RNABERT

A small BERT-style RNA language model pretrained on non-coding RNA sequences from Rfam 14.3, using Masked Language Modeling (MLM) and Structural Alignment Learning (SAL). Designed for RNA clustering and structural alignment tasks.

Architecture

Parameter	Value
Layers	6
Attention heads	12
Embedding dimension	120
FFN intermediate size	40
Vocabulary size	6 (PAD, MASK, A, U, G, C)
Positional encoding	Learned absolute
Architecture	Post-LN BERT encoder
Max sequence length	440

Vocabulary:

Token	ID
`<pad>`	0
`<mask>`	1
A	2
U	3
G	4
C	5

No CLS or EOS tokens are added. Sequences are tokenized character-by-character; T is silently converted to U.

Pretraining

Objective: Masked Language Modeling (MLM) + Structural Alignment Learning (SAL, a pairwise structural alignment contrastive objective)
Data: Rfam 14.3 (~440 nt max length sequences)
Source checkpoint: bert_mul_2.pth (distributed inside RNABERT_pretrained.pth zip)

Checkpoint selection

There is one published pretrained checkpoint from the original repository. This is it.

Parity Verification

Hidden-state representations verified identical (max abs diff = 2.2e-6) to the original implementation at all 7 representation levels (embedding + 6 transformer layers), with and without padding.
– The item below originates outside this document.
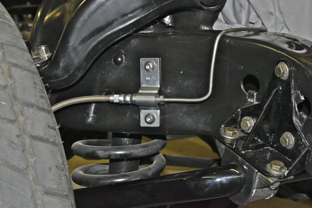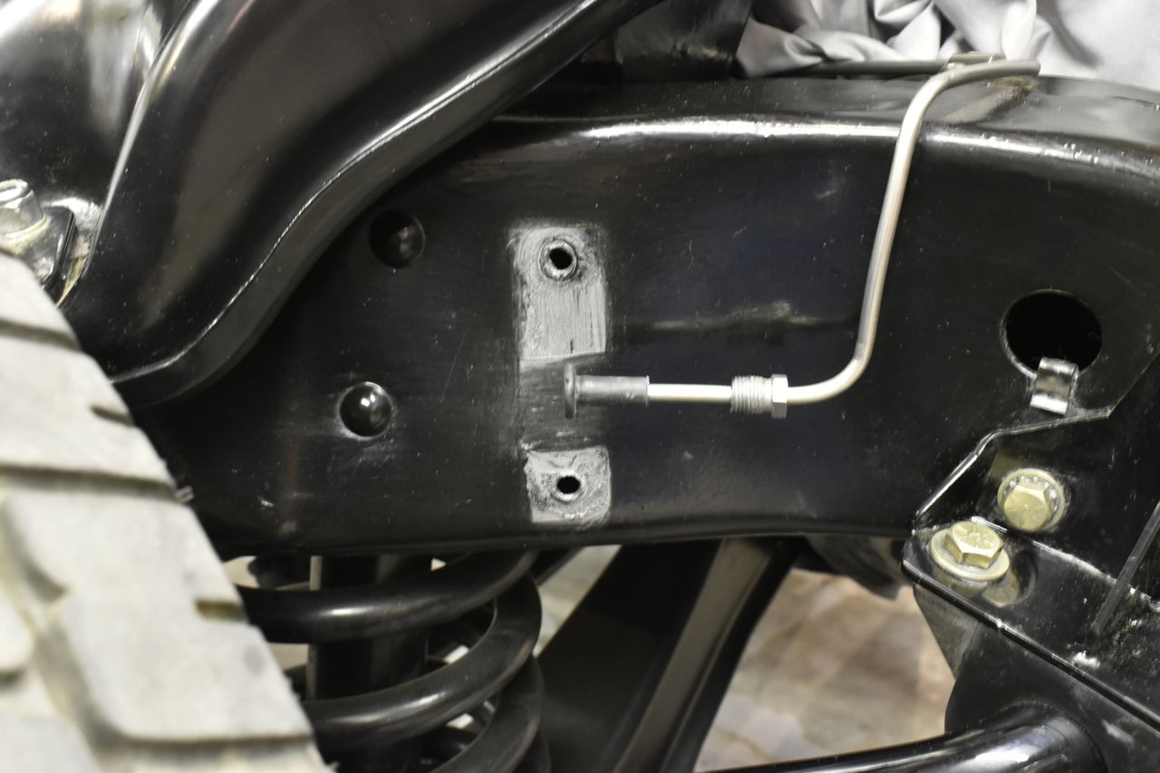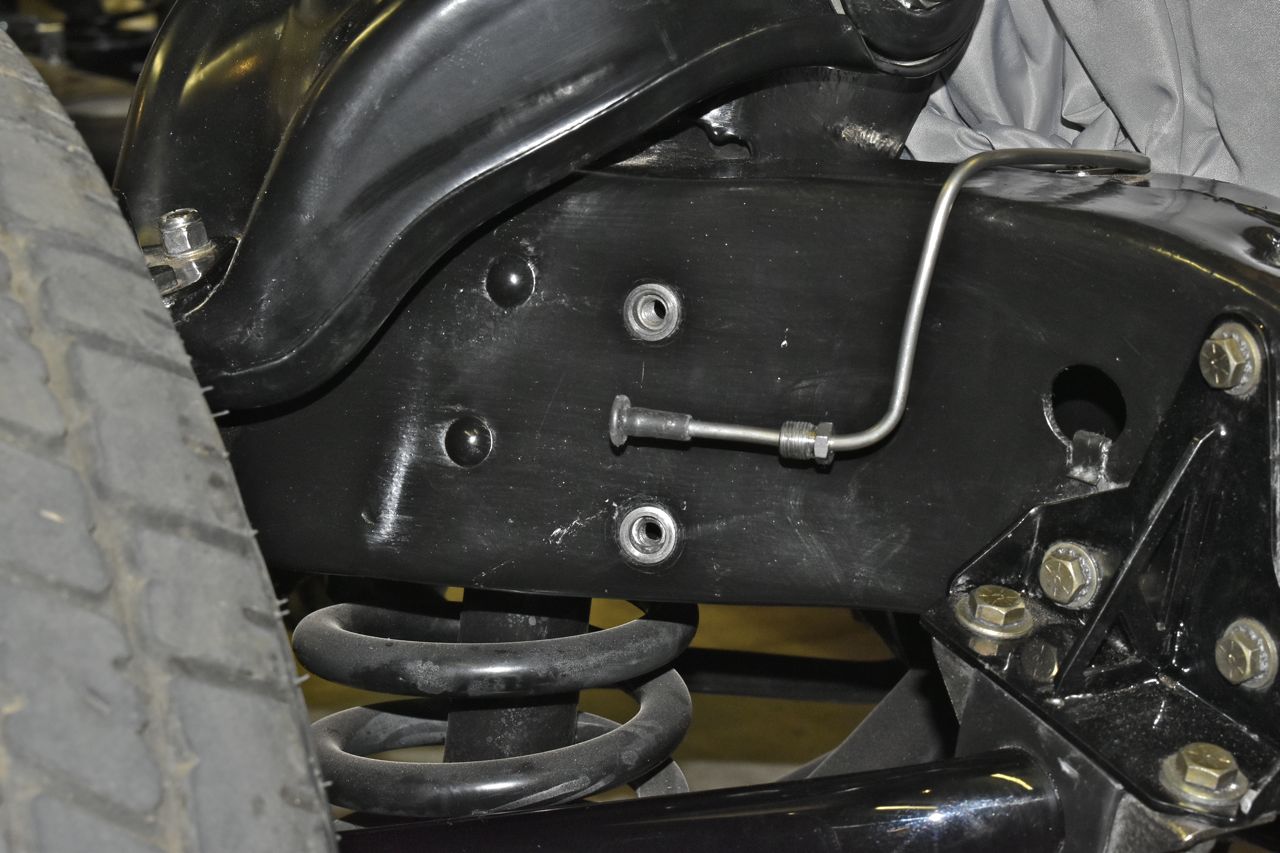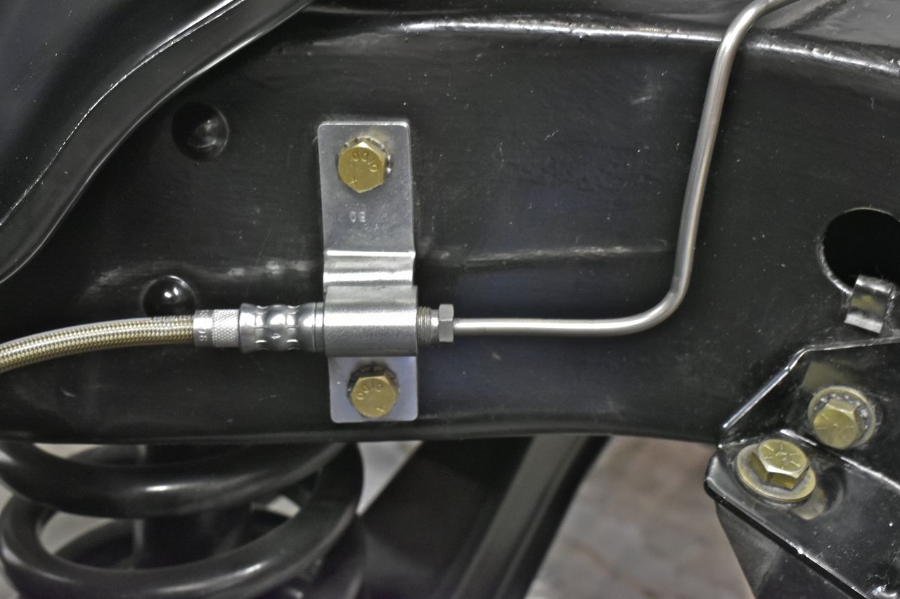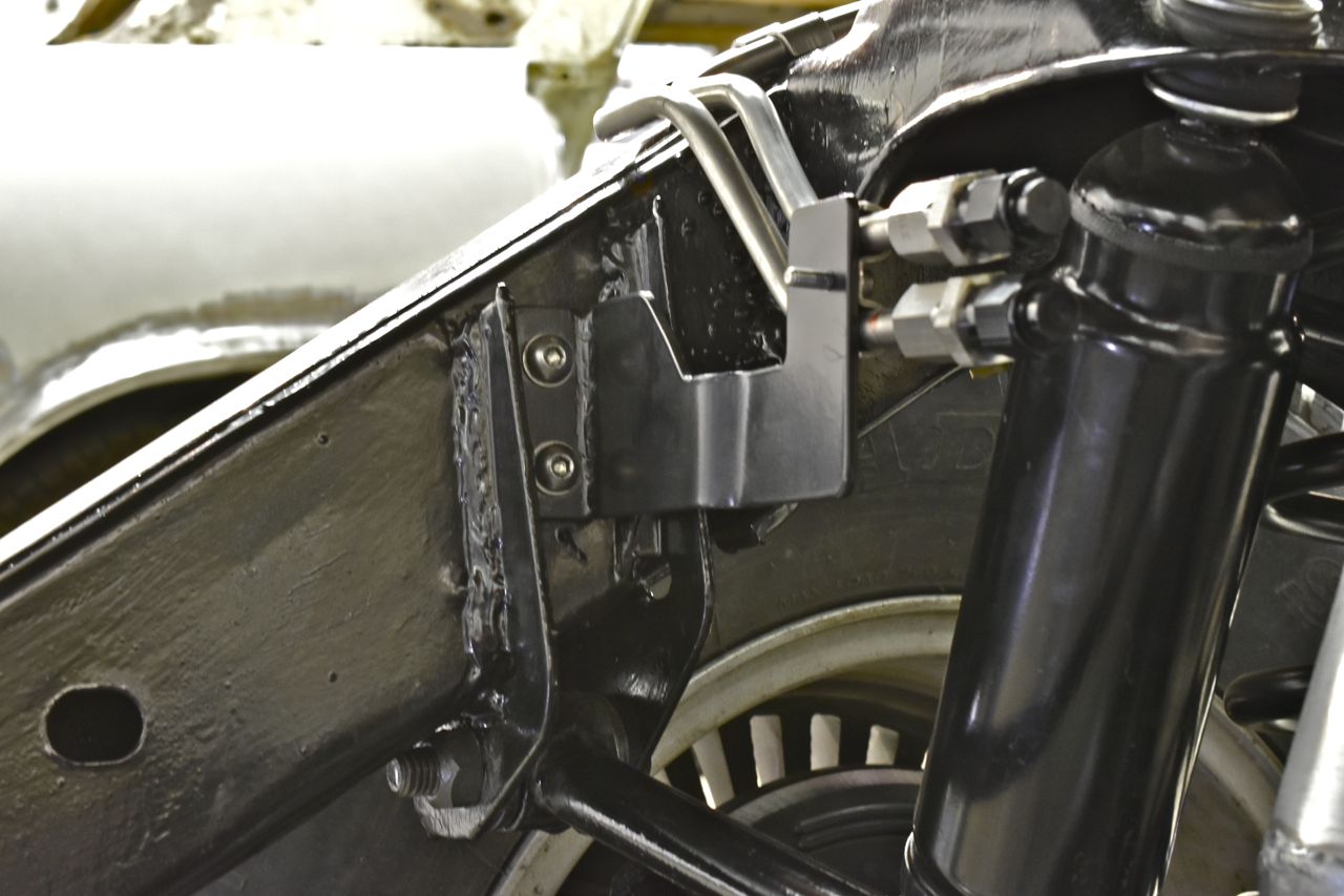 Originally I threaded the frame for fine thread bolts to secure items like this front brake hose bracket to the frame. I wasn't terribly fond of this and so I found a better way. Now when Ford bolted items to the frame, they punched a smaller hole then extruded it through the other side providing more surface area for the threads to take hold.

Verified on GPU with PyTorch 2.7 / transformers 4.57.6.

Related Models

See the full RNABERT collection.

Model	Notes
Taykhoom/RNABERT	This model

Usage

Embedding generation

import torch
from transformers import AutoTokenizer, AutoModel

tokenizer = AutoTokenizer.from_pretrained("Taykhoom/RNABERT", trust_remote_code=True)
model = AutoModel.from_pretrained("Taykhoom/RNABERT")
model.eval()

sequences = ["AUGCAUGCAUGC", "GCUAGCUAGCUA"]
enc = tokenizer(sequences, return_tensors="pt", padding=True)

with torch.no_grad():
    out = model(**enc)

# Token-level embeddings
token_emb = out.last_hidden_state   # (batch, seq_len, 120)
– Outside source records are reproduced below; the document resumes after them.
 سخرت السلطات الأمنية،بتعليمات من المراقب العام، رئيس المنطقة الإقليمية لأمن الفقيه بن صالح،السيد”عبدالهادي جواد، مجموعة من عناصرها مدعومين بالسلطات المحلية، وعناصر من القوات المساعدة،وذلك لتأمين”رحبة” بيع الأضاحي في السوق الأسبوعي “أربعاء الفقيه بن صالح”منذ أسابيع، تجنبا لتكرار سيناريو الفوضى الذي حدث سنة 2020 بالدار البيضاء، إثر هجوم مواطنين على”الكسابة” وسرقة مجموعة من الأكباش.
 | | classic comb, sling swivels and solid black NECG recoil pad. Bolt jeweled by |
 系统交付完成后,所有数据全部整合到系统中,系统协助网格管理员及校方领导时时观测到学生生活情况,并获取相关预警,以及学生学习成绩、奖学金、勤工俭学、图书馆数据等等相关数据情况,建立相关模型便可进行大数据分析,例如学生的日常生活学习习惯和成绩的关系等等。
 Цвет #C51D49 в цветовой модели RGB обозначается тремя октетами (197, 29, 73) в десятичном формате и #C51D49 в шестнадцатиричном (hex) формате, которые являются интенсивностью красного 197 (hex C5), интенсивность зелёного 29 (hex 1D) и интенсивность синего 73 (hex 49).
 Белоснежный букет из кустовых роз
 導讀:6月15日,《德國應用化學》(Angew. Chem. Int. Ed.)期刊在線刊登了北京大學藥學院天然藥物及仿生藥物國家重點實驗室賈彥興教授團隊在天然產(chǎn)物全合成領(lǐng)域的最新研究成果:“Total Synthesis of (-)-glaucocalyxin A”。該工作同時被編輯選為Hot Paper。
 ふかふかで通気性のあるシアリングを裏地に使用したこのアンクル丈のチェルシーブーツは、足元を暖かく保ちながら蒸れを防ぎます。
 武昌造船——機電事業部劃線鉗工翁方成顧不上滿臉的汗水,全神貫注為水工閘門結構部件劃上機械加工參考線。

# Mean-pool over non-padding positions
mask = enc["attention_mask"].unsqueeze(-1).float()
mean_emb = (token_emb * mask).sum(1) / mask.sum(1)  # (batch, 120)

# Intermediate layers
out_all = model(**enc, output_hidden_states=True)
layer3_emb = out_all.hidden_states[3]   # (batch, seq_len, 120)

Fine-tuning

Standard HF conventions. The model has no CLS token, so use mean pooling over non-padding positions for sequence-level tasks.

Implementation Notes

This model uses the standard HuggingFace BertModel (model_type: "bert") with custom hyperparameters matching the original RNABERT architecture. No custom modeling code is required; trust_remote_code=True is only needed for the tokenizer.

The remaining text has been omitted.